Distribution: The extent of protein binding of bepotastine is approximately 55% and independent of bepotastine concentration.
Metabolism: In vitro metabolism studies with human liver microsomes demonstrated that bepotastine is minimally metabolized by CYP450 isozymes. In vitro studies demonstrated that bepotastine besilate does not inhibit the metabolism of various cytochrome P450 substrates via inhibition of CYP3A4, CYP2C9, and CYP2C19. The effect of bepotastine besilate on the metabolism of substrates of CYP1A2, CYP2C8, and CYP2D6 was not studied. Bepotastine besilate has a low potential for drug interaction via inhibition of CYP3A4, CYP2C9, and CYP2C19.
Excretion: The main route of elimination of bepotastine besilate is urinary excretion (with approximately 75-90% excreted unchanged in urine).
Long-term dietary studies in mice and rats were conducted to evaluate the carcinogenic potential of bepotastine besilate.
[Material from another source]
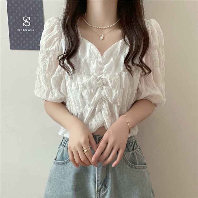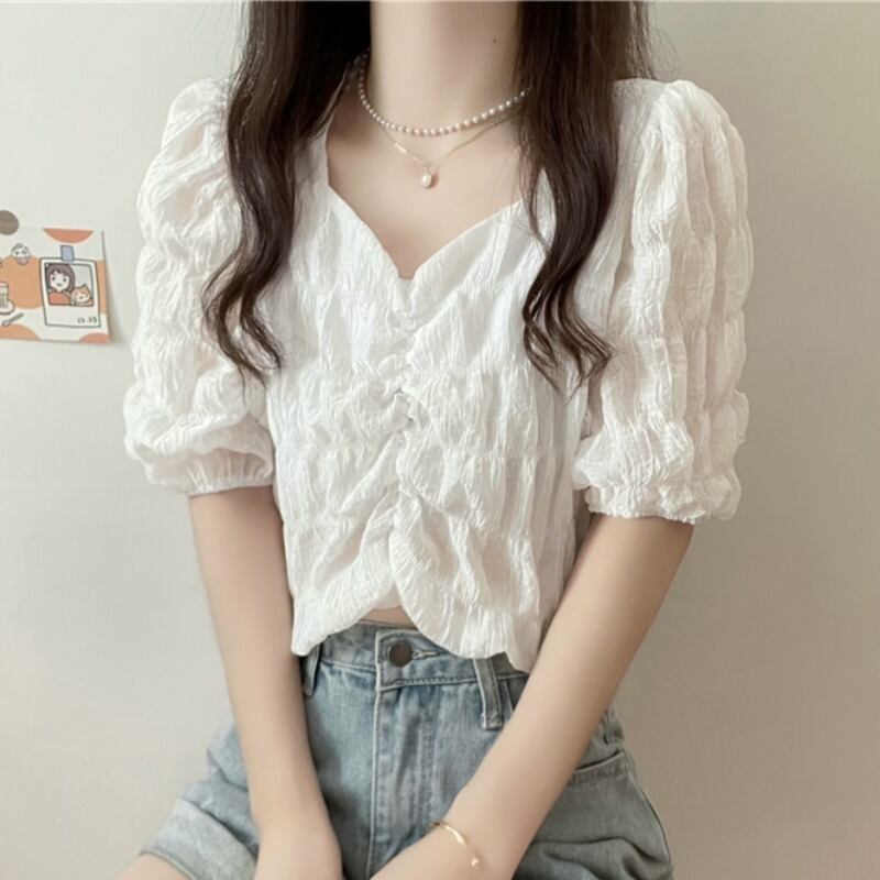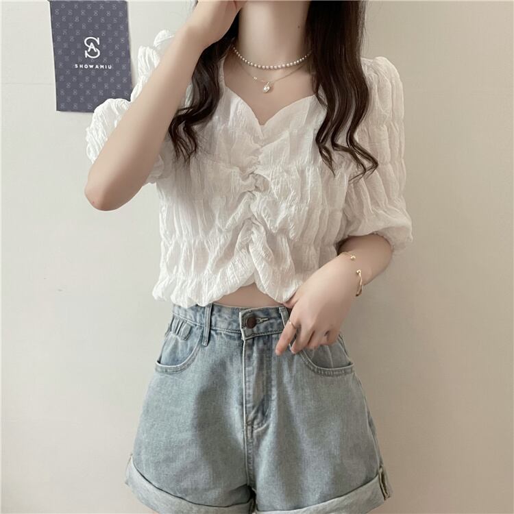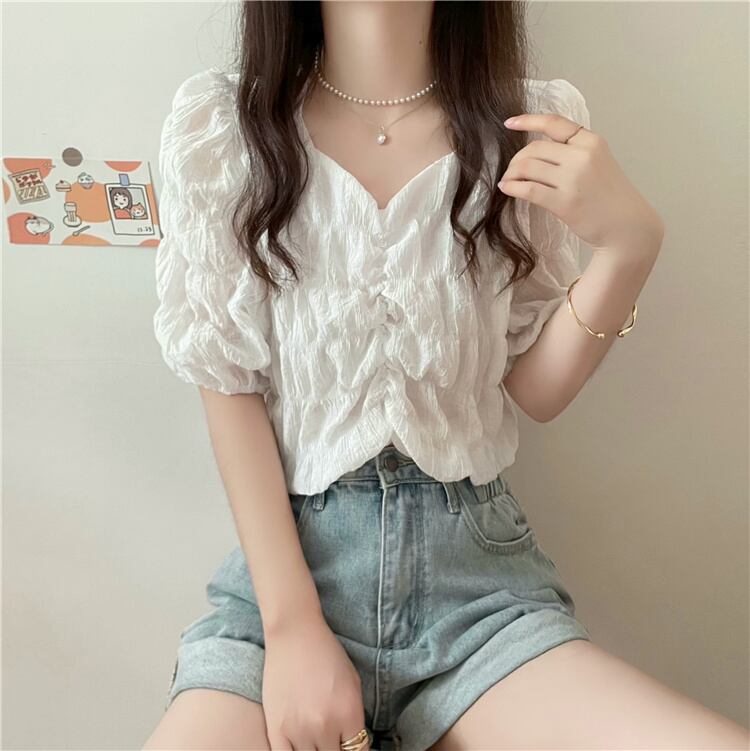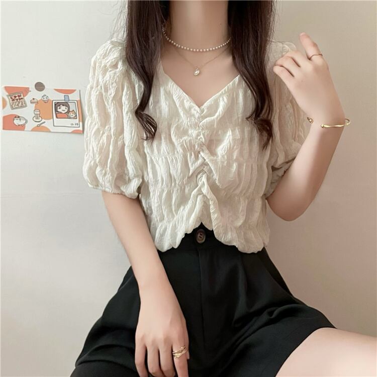 サマースタイルVネックスリーブプリーツシャツ トップス レディース 夏物 ハンチェンe39575791905

Bepotastine besilate did not significantly induce neoplasms in mice receiving a nominal dose of up to 200 mg/kg/day for 21 months, or in rats receiving a nominal dose of up to 97 mg/kg/day for 24 months. These dose levels correspond to systemic exposures approximately 350 and 200 times higher than that achieved at the RHOD, respectively.
The no observable adverse effect level for bepotastine besilate based on nominal dose levels in carcinogenicity tests were 18.7 to 19.9 mg/kg/day in mice and 9.6 to 9.8 mg/kg/day in rats (corresponding to systemic exposures approximately 60 and 20 times higher than that anticipated in humans at RHOD, respectively).
There was no evidence of genotoxicity in the Ames test (mutagenicity), in CHO cells (chromosome aberration), in mouse hepatocytes (unscheduled DNA synthesis), or in the mouse micronucleus test.
Impairment of Fertility
Oral administration of bepotastine to male and female rats at doses up to 1,000 mg/kg/day (5,400 times higher than the maximum RHOD, on a mg/m2 basis) resulted in reduction in fertility index and surviving fetuses. Oral administration of bepotastine besilate produced no observed adverse effects on fertility or reproduction in rats at oral doses up to 200 mg/kg/day (corresponding to an estimated blood plasma concentration 3,300 times higher than that anticipated in humans at the RHOD).